Instructions for the task ->
Exact transcription begins at the first line of the material below and ends with the line holding "Fig. 6. L'interno"; pictures are skipped.

Records for the task ->
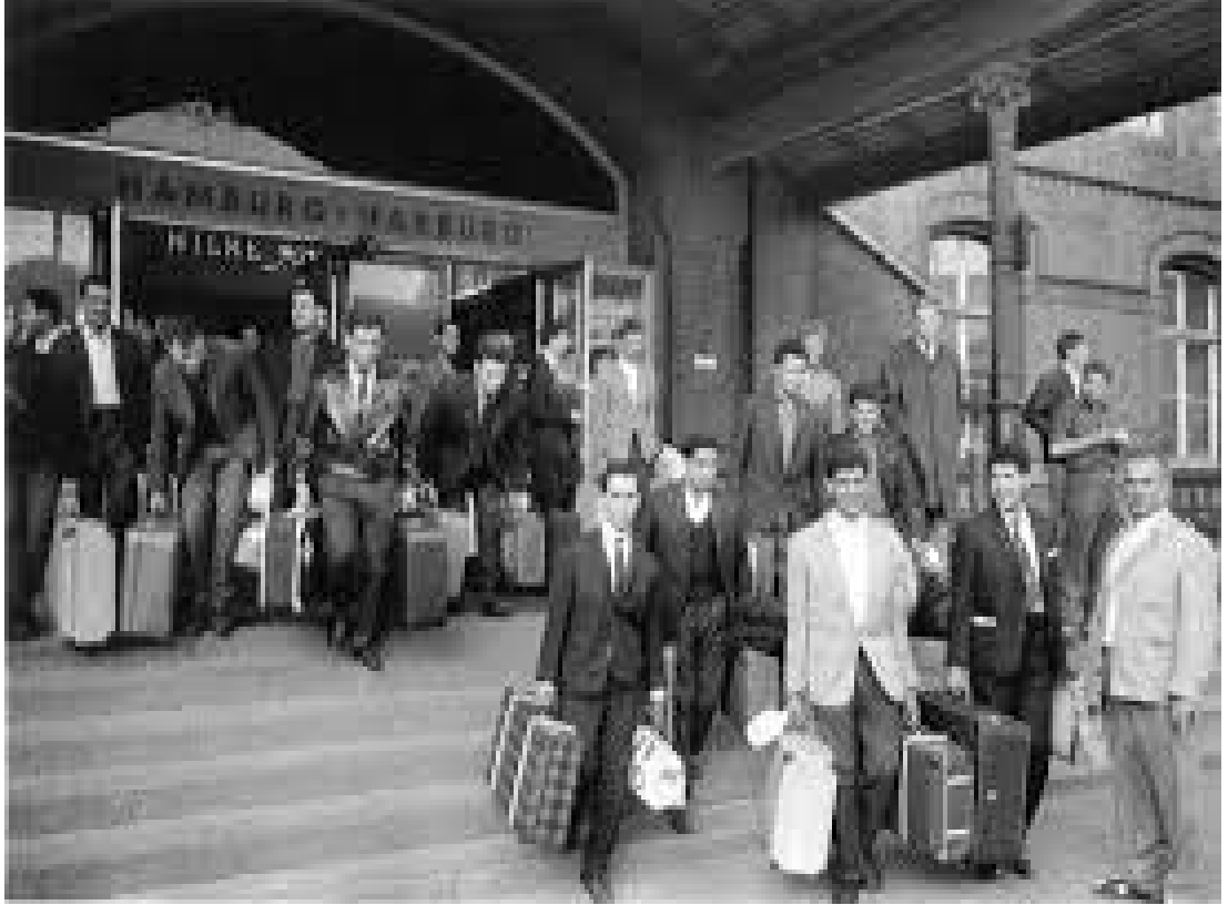
Şekil 2.1: Hamburg Tren İstasyonu Önündeki Türk İşçi Kafiliyesi
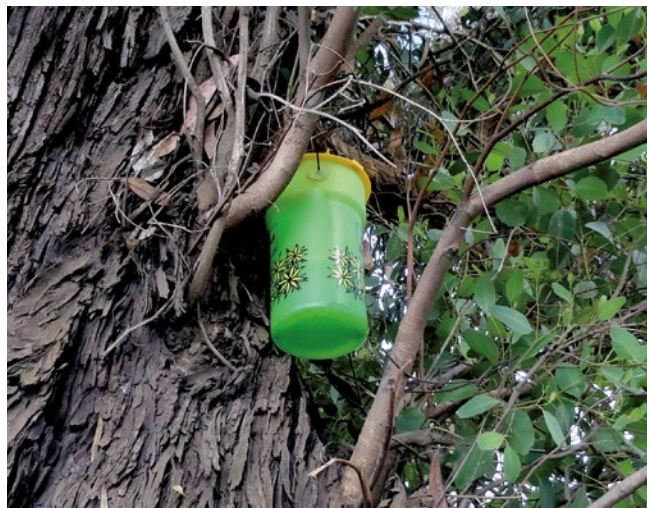
Figura 14. Trampa de detección de la avispa Chaqueta amarilla.

Vespula germanica es un insecto omnívoro que se ha dispersado en países de todos los continentes, se encuentra ampliamente distribuida en Chile continental y tam-
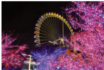
黄金に輝く「大観覧車」
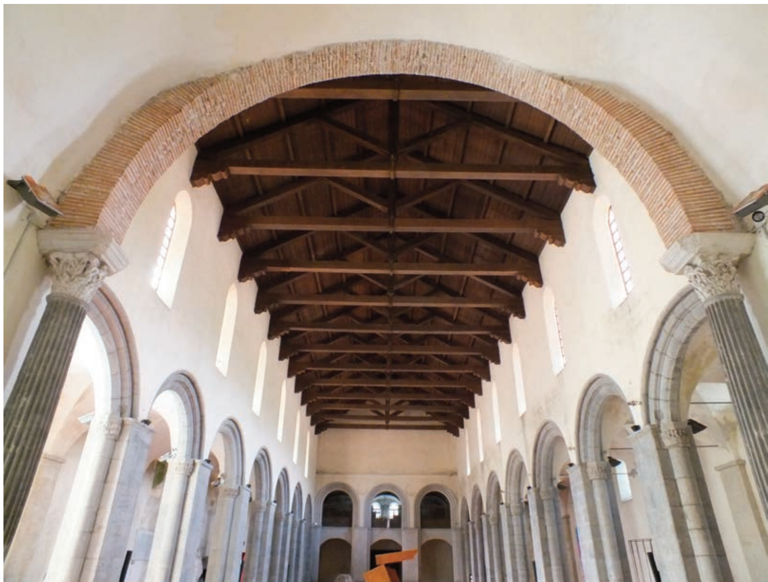
Fig. 6. L'interno della Basilica subdiaconale di San Gennaro extra moenia visto dal presbiterio

un'aula di culto a pianta rettangolare con altare ubicato in corrispondenza della sottostante tomba di San Gennaro (B6). Sulla volta della chiesa ipogea fu dipinto il catalogo figurato dei primi quattordici presuli partenopei: Aspreno, Epithimitus , Marone, Probo, Paolo I, Agrippino, Eustazio, Efebo, Fortunato, Massimo, Zosimo, Severo, Urso e Giovanni I 27 (fig. 4). Per la costruzione della Basilica dei Vescovi furono distrutte le preesistenti camere funerarie, nonché la volta del sottostante cubicolo B6 che aveva accolto i resti di San Gennaro 28 . Al fine di creare una struttura adatta a reggere l'impiantito ligneo della chiesa, nella adiacente galleria B8 del livello inferiore furono costruiti degli archi in muratura 29 . Nel corso degli interventi di riassetto del complesso, i due accessi al cubicolo B6 vennero chiusi; la tamponatura dell'ingresso occidentale fu decorata con un affresco che ritrae il martire tra

Exercise solution ->
Şekil 2.1: Hamburg Tren İstasyonu Önündeki Türk İşçi Kafiliyesi
Figura 14. Trampa de detección de la avispa Chaqueta amarilla.

Vespula germanica es un insecto omnívoro que se ha dispersado en países de todos los continentes, se encuentra ampliamente distribuida en Chile continental y tam-
黄金に輝く「大観覧車」
Fig. 6. L'interno della Basilica subdiaconale di San Gennaro extra moenia visto dal presbiterio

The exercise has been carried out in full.